Капитан выкладывает книгу на столик, бережно раскрывает ее, почтительно листает и наконец добирается до первой незаполненной страницы, на которую и указывает Равелю. Тот медлит, не в состоянии с ходу сочинить подходящую формулировку, и для начала просматривает предыдущие записи: поскольку «Франция» плавает с апреля 1912 года, даты ее спуска на воду, книга заполнена сотнями хвалебных отзывов, подписанных именами более или менее известными Равелю и принадлежащими представителям высших сфер французского общества: политики, промышленности, финансов, церкви, — а также деятелям искусств, литературы, государственного управления и судопроизводства. Он изучает их якобы из любопытства, на самом же деле, не имея понятия, что ему следует написать самому, торопливо выискивает там подходящие обороты, которые могли бы подстегнуть его вдохновение.

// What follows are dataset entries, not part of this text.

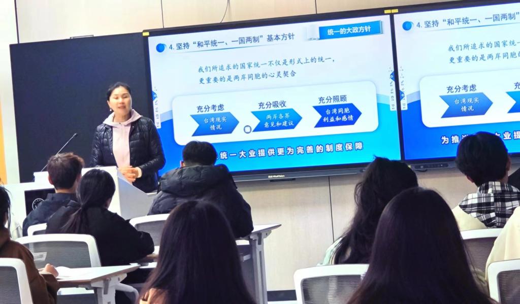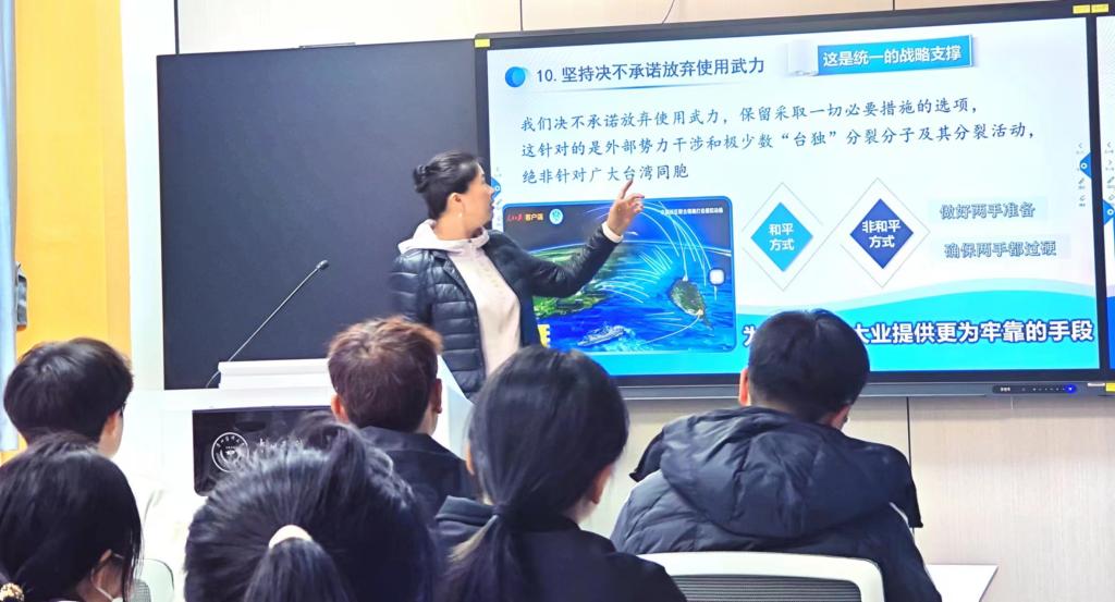 课后,同学们纷纷表示,实现祖国统一是大势所趋,是民心所向,此次授课不仅让同学们加深了对台湾问题的了解和认识,也让大家更加清楚了自己身上所肩负的责任,在今后的学习中,要再接再厉勇攀高峰,以实际行动,为实现中华民族的伟大复兴贡献力量。
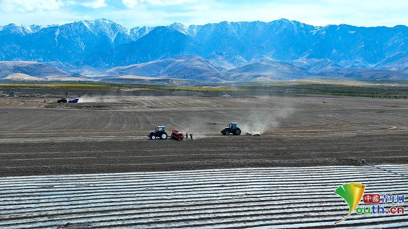 On March 27th, 2024, in Zhangye City, Gansu Province, at the wheat planting base of Jinhua Village Planting Cooperative in Huazhai Township, Ganzhou District which is located at the foot of the Qilian Mountains, farmers were using sowing machinery guided by Beidou navigation and pulled by autonomous driving tractors. Photo/ VCG
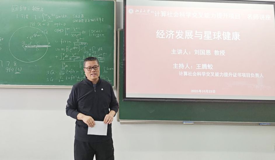 2025年10月23日,名师讲座第四讲正式开讲。讲座由计算社会科学交叉能力提升证书项目负责人王腾蛟主持,北京大学国家发展研究院博雅特聘教授、北京大学全球健康发展研究院院长、北京大学中国卫生经济研究中心主任、北京大学教育经济研究所学术委员会主任、中国医学科学院学部委员刘国恩教授以“经济增长与星球健康”为主题做了精彩报告。
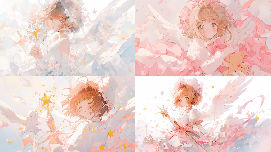 Midjourney Bot 更新时间:2023-08-31 17:18the picture is done in white , in the style of Card Captor Sakura manga style, , blink-and-you-miss-it detail,kawaii aesthetic, high-keyed palette, little star,precisionist art ,Dream colors,low saturation ,maid headdress ,Watercolor paint,Pastel,oil painting ,Ivory White tones --ar 16:9 --niji 5
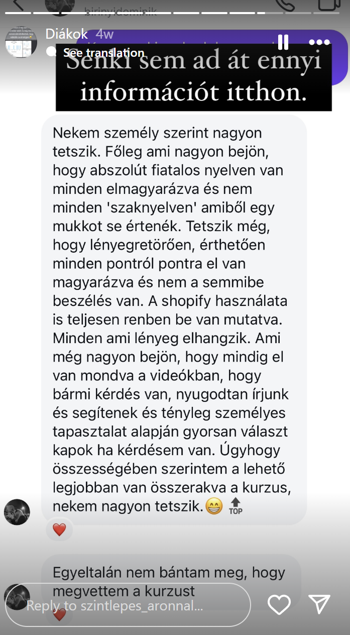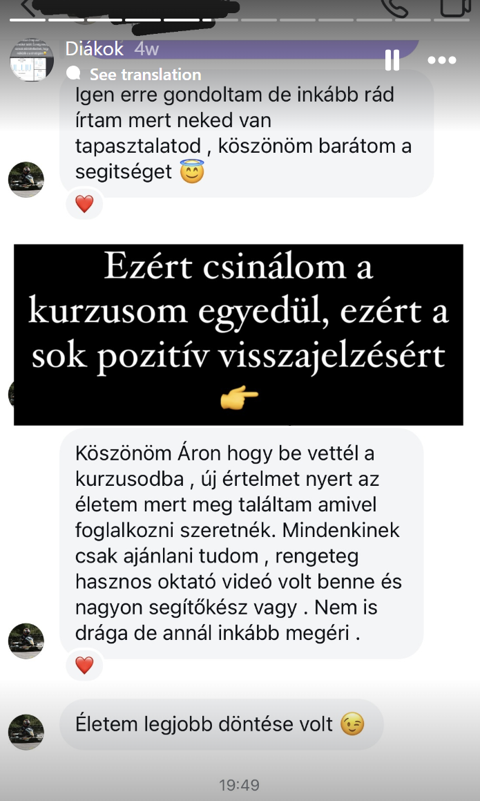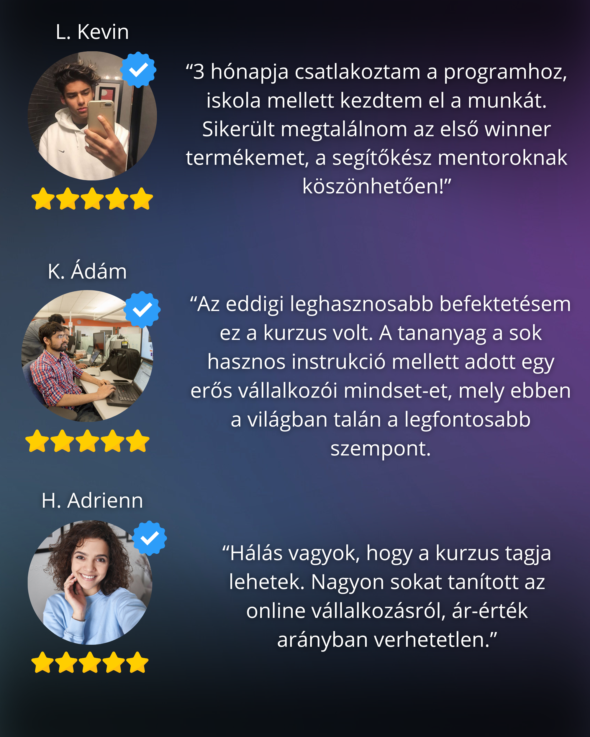“Az eddigi leghasznosabb befektetésem ez a kurzus volt. A tananyag a sok hasznos instrukció mellett adott egy erős vállalkozói mindset-et, mely ebben a világban talán a legfontosabb szempont.”
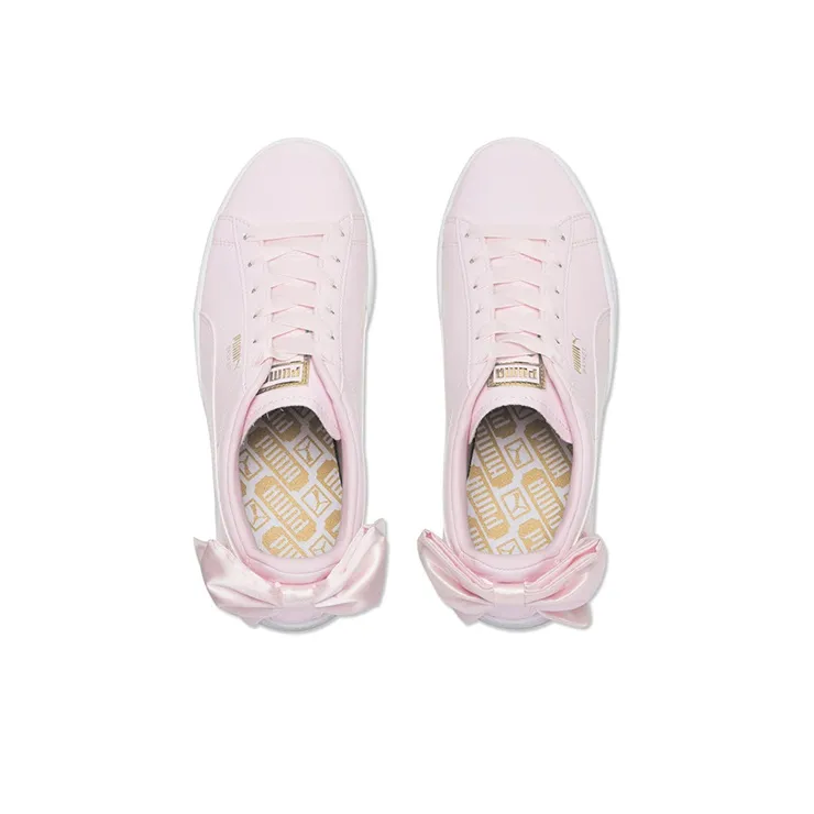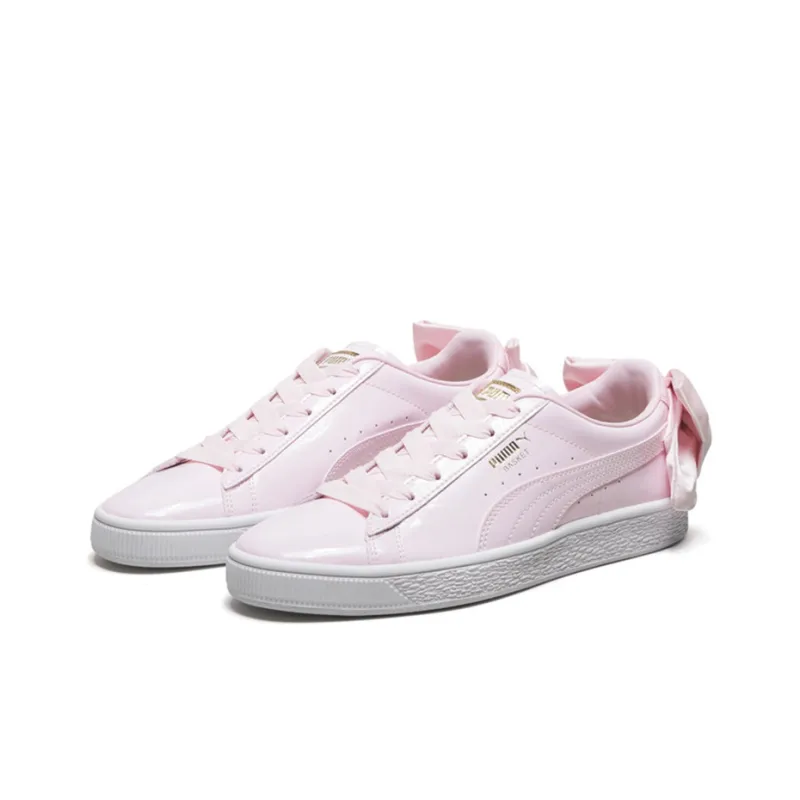 PUMA Basket Bow Patent Low Топ Кроссовки для скейтбординга Женские Розово-белый
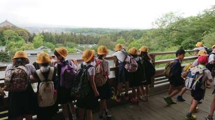 今日は高学年の遠足です。奈良公園でオリエンテーリングや東大寺の見物をする予定です。心配していた天気も良くなり、遠足日和になりました。
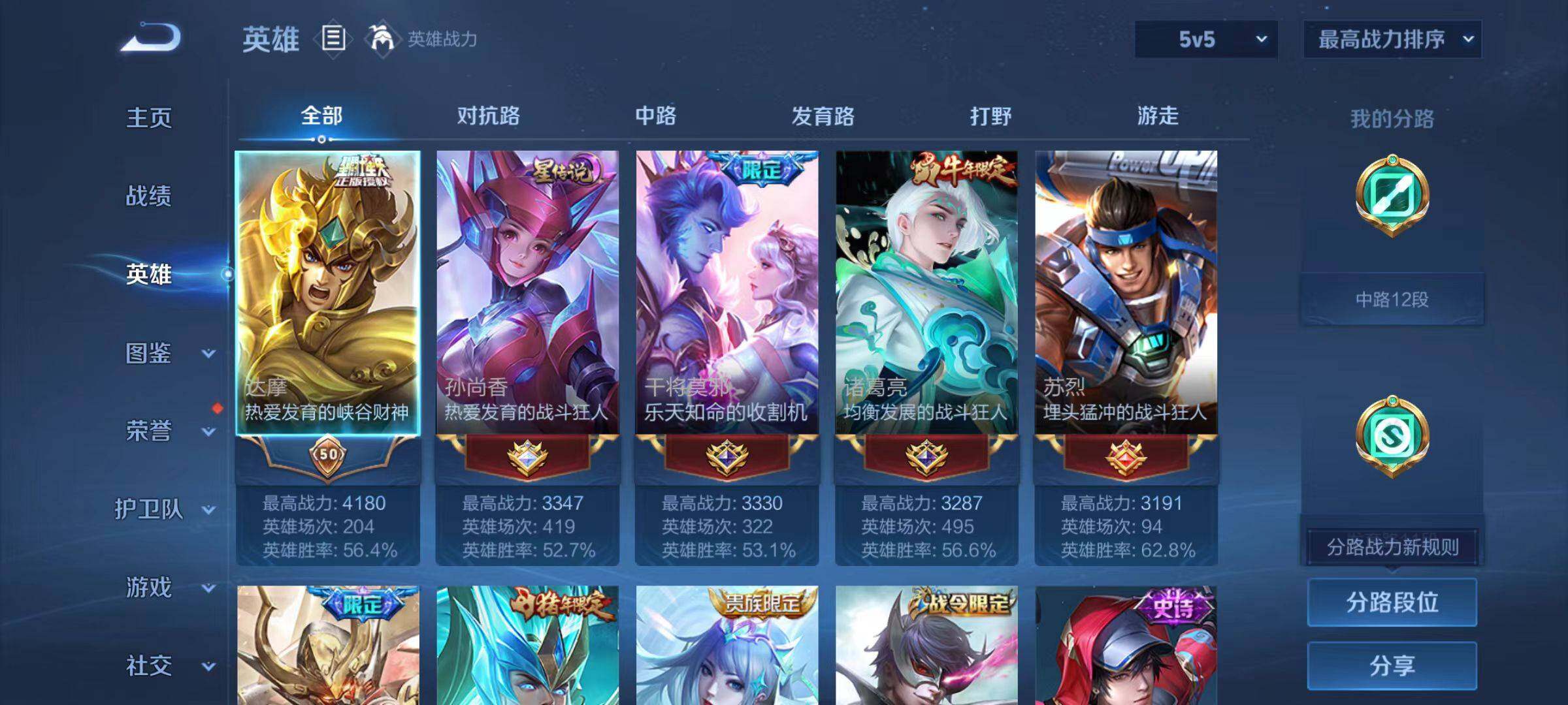 【赛季限定】:虞姬凯尔特女王,白起狰,太乙真人饕餮,芈月重明,典韦穷奇,狂铁御狮,米莱狄御霄,牛魔御旌,盾山御銮,夏侯惇朔风刀,弈星混沌棋,明世隐疑决卦,老夫子醍醐杖,鬼谷子原初探秘者,狄仁杰万华元夜,程咬金演武夺筹,钟馗驱傩正仪,达摩沙漠行僧,兰陵王金庭之子,沈梦溪大漠名商,李元芳云中旅人,桑启海盐诗旅,裴擒虎擒涛扼浪,鲁班大师探海日志,张良古海寻踪,鬼谷子天穹祈灯,刘邦剑破天穹,东皇太一噬灭天穹,百
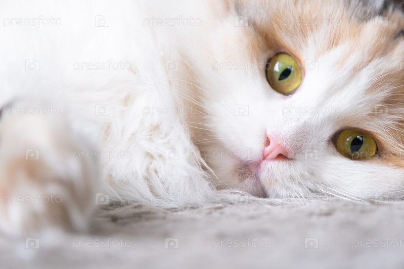 Белая кошка породы высокогорная складка смотрит в камеру, крупным планом морда с розовым носом и желтыми круглыми глазами
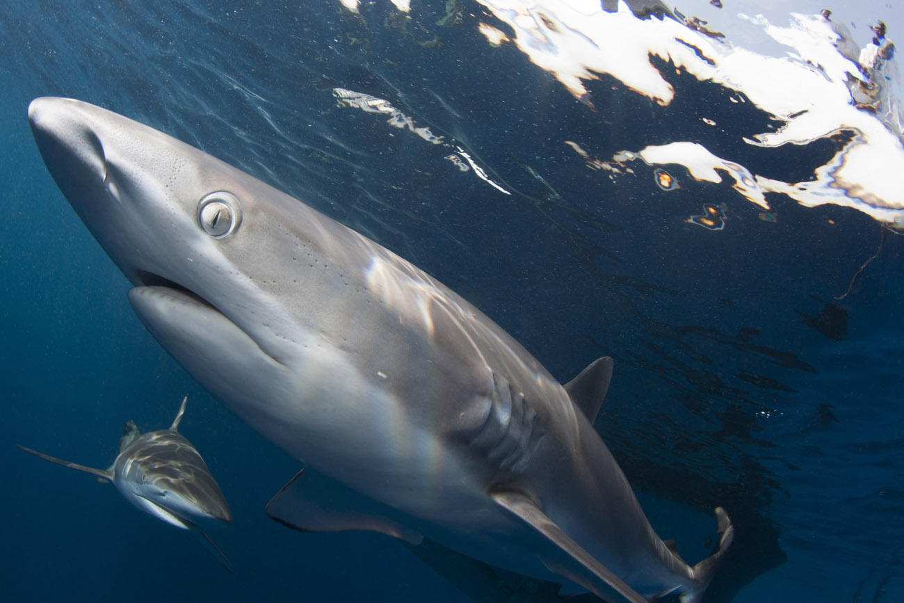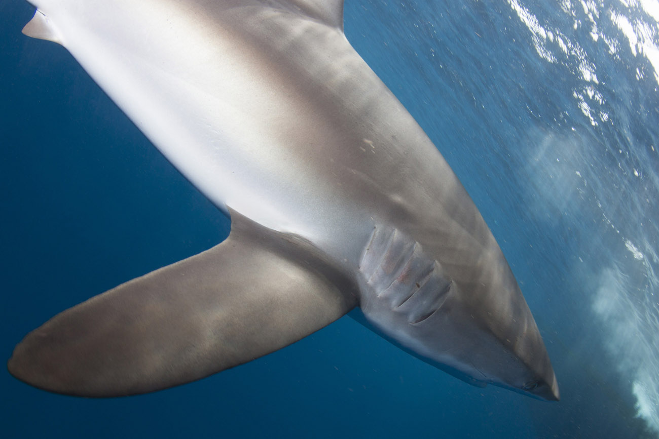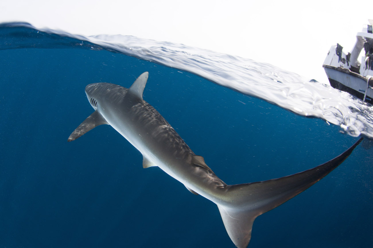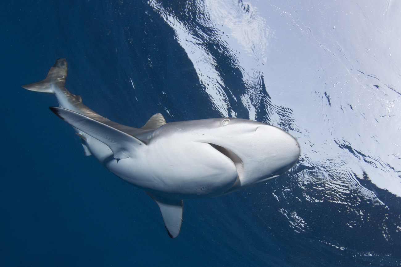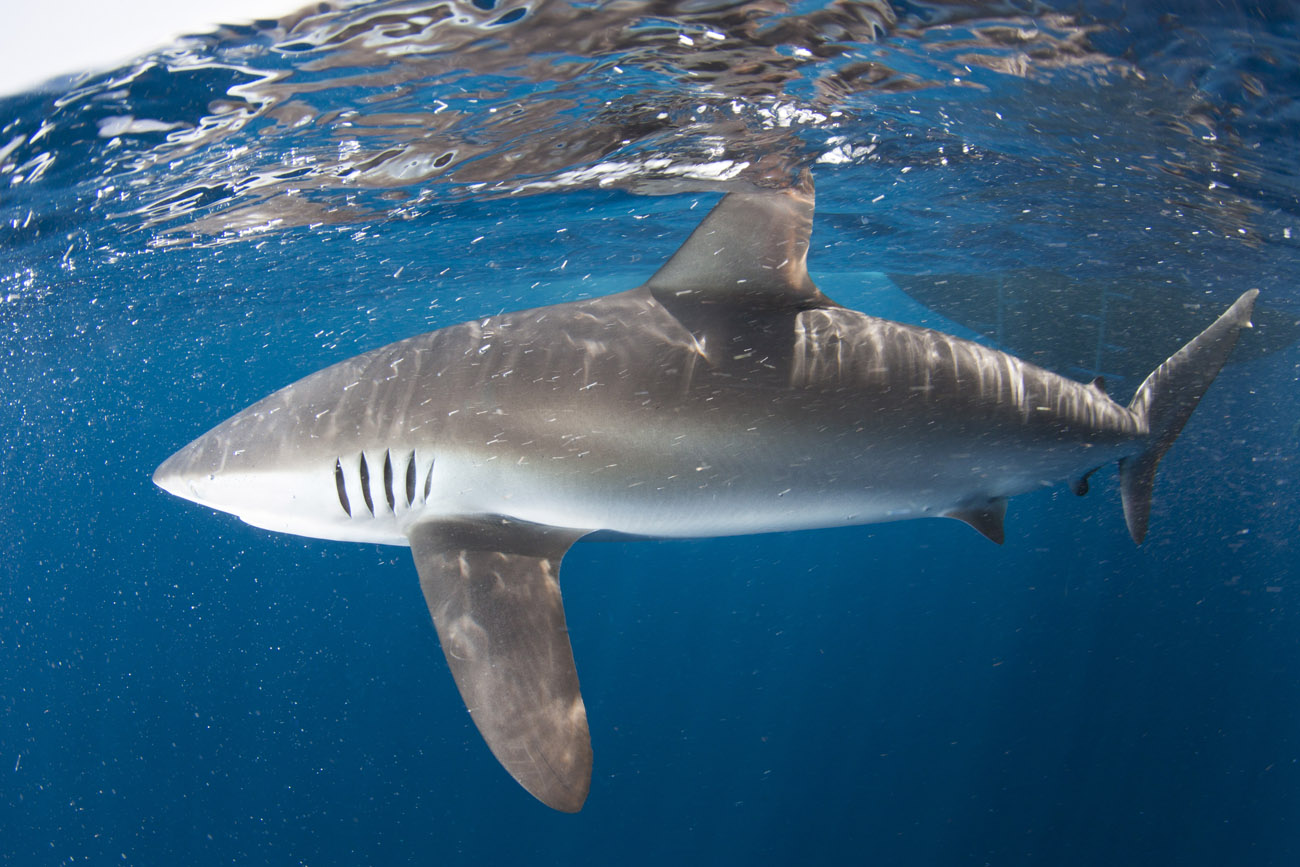 Lo squalo seta non si annuncia, si materializza sotto la superficie dell’acqua e inizia la sua danza.
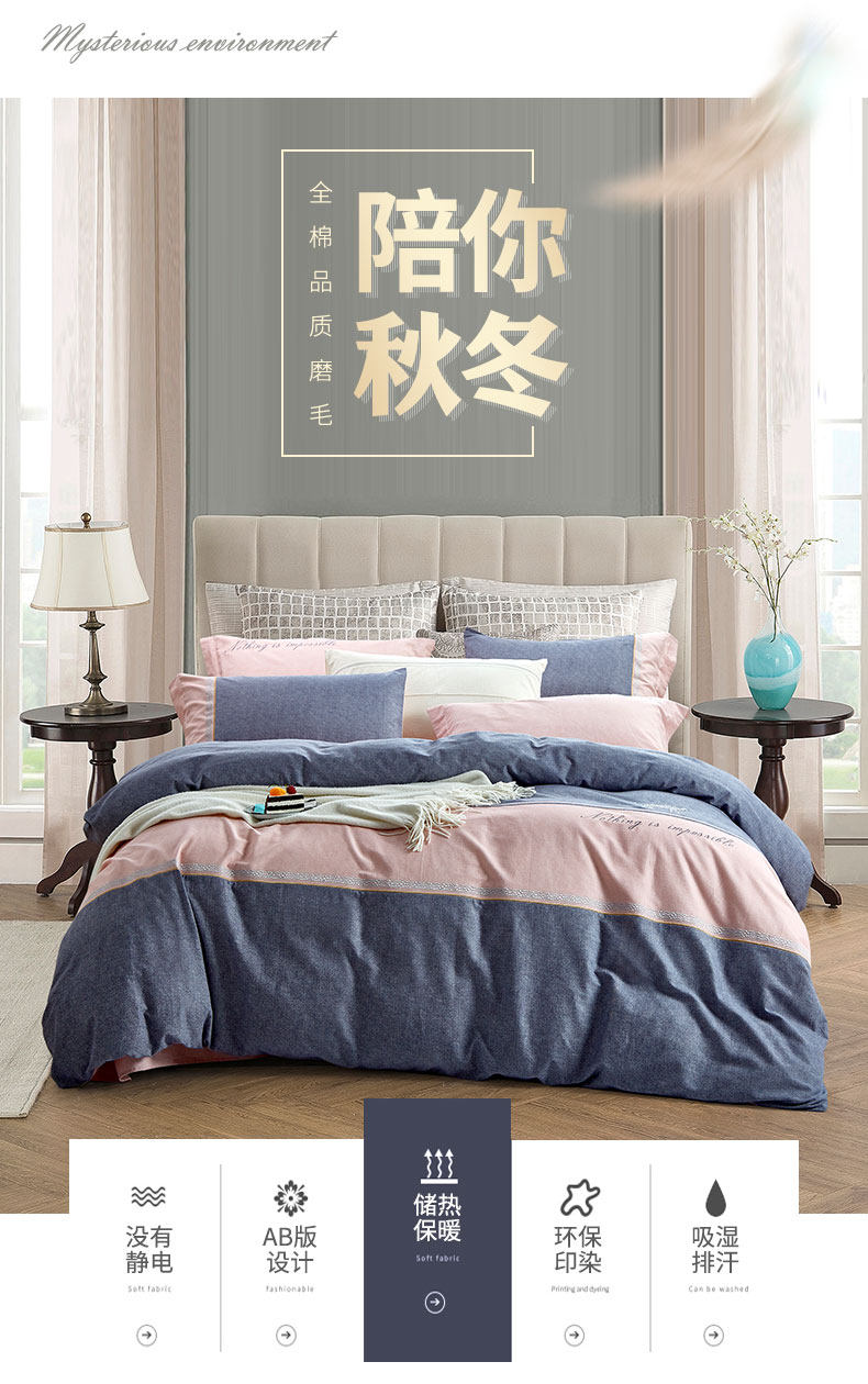 黛富妮 Хлопковый комплект, хлопковое одеяло, пододеяльник, демисезонная хлопковая удерживающая тепло простыня, 4 предмета, увеличенная толщина, 1.8м

Кроме того, в таких документах всегда поражает разнообразие подписей. Будь у Равеля больше времени, он бы занялся, интереса ради, изучением этих почерков и стилей, дабы определить по ним личности авторов — следуя старинному методу, изобретенному Бальди, а позже усовершенствованному аббатом Мишоном, Крепье-Жаменом и другими. Некоторые, к примеру, пишут свое имя и фамилию вполне просто и разборчиво, подчеркивая их или нет — иногда такой росчерк проходит под фамилией, не касаясь ее, иногда являет собой продолжение последней ее буквы. Бывает, что в порыве скромности и тяги к простоте (если только это не проявление гордыни) инициалы написаны строчными, а не заглавными буквами. Этот тип подписей расшифровать легко, но их все же меньшинство. Зато почти все другие отличаются более или менее удачной стилизацией и дополнены патронимом: их владельцы явно предавались этому занятию с большим удовольствием, словно им наконец представился единственный в жизни шанс заняться искусством каллиграфии. Разобрать подобные автографы, как правило, совершенно невозможно, поскольку они состоят из бесчисленных завитушек, закорючек, арабесок, спиралей, загогулин и росчерков, устремленных во все стороны, напоминающих следы мертвецки пьяного конькобежца на льду, украшенных таинственными черточками и точками и до такой степени хитроумных, что написанные имена не только нельзя установить, но иногда трудно даже понять, в каком направлении автор водил пером, с какого места его рука начала создавать сей маленький шедевр и где завершила свое творение. Под теми подписями, которые решительно не поддаются расшифровке, кто-то другой предусмотрительно обозначил карандашом имена их создателей.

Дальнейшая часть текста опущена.